=== Exercise details ===
Using the material below, print a verbatim copy of every line from the one containing "タレ目形成とグラマラスライン" through the one containing "2 PACKS OF 6", inclusive, and omit the pictures.

=== Materials provided ===
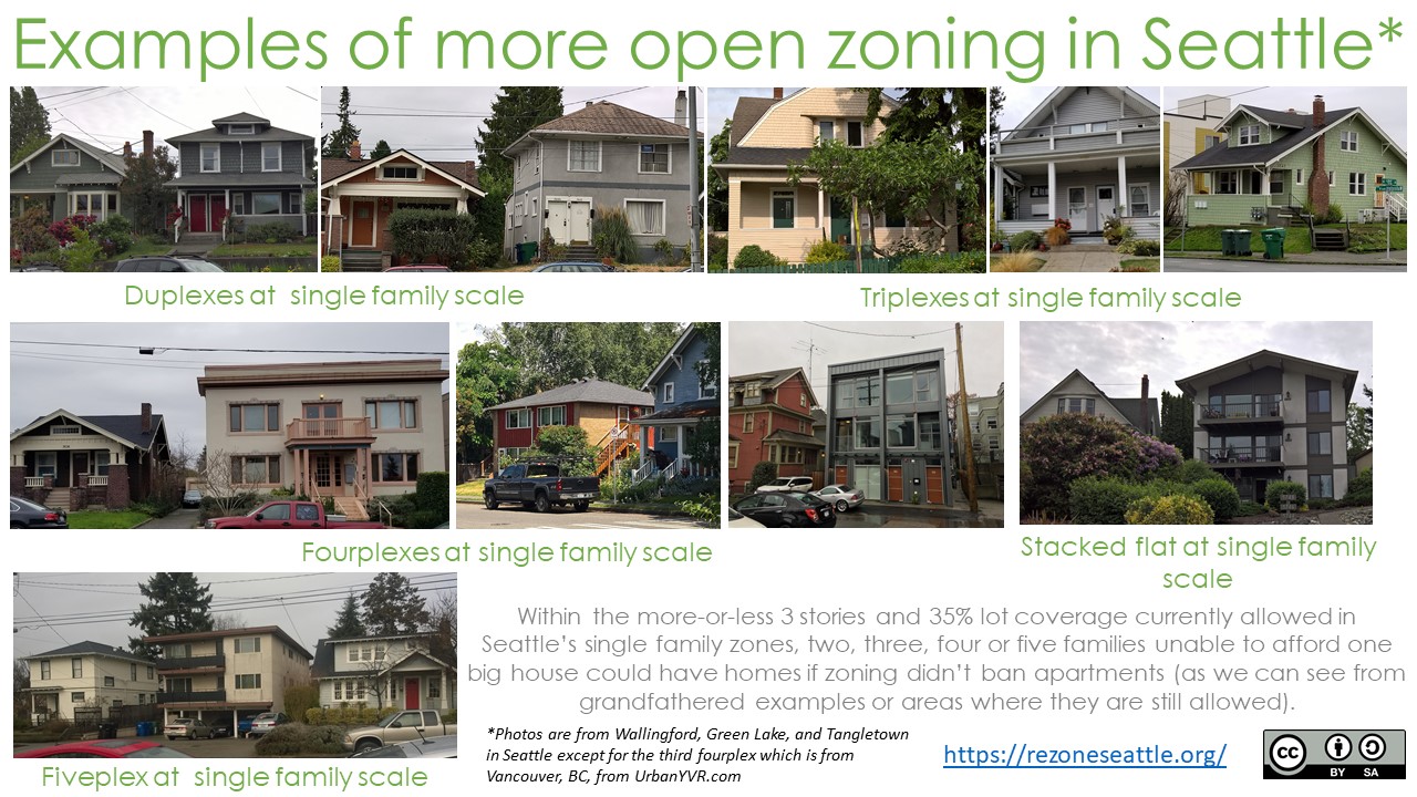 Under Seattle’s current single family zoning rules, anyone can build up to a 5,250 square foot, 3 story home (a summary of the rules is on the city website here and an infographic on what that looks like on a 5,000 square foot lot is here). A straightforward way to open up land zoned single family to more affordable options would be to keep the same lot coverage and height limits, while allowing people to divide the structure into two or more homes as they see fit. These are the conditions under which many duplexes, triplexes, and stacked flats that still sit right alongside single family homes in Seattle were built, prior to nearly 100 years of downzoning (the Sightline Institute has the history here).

--

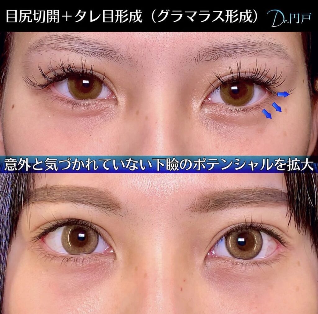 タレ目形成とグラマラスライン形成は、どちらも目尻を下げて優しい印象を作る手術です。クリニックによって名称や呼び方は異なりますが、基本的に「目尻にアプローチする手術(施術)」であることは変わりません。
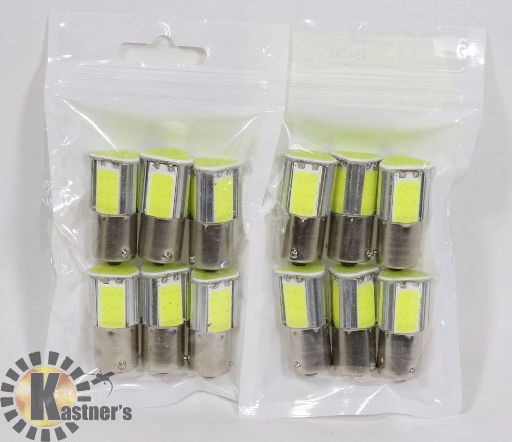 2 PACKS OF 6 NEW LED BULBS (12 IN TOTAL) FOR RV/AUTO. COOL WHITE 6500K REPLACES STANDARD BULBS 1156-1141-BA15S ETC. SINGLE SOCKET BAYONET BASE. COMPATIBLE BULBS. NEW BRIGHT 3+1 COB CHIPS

=== Exercise output ===
 タレ目形成とグラマラスライン形成は、どちらも目尻を下げて優しい印象を作る手術です。クリニックによって名称や呼び方は異なりますが、基本的に「目尻にアプローチする手術(施術)」であることは変わりません。
 2 PACKS OF 6 NEW LED BULBS (12 IN TOTAL) FOR RV/AUTO. COOL WHITE 6500K REPLACES STANDARD BULBS 1156-1141-BA15S ETC. SINGLE SOCKET BAYONET BASE. COMPATIBLE BULBS. NEW BRIGHT 3+1 COB CHIPS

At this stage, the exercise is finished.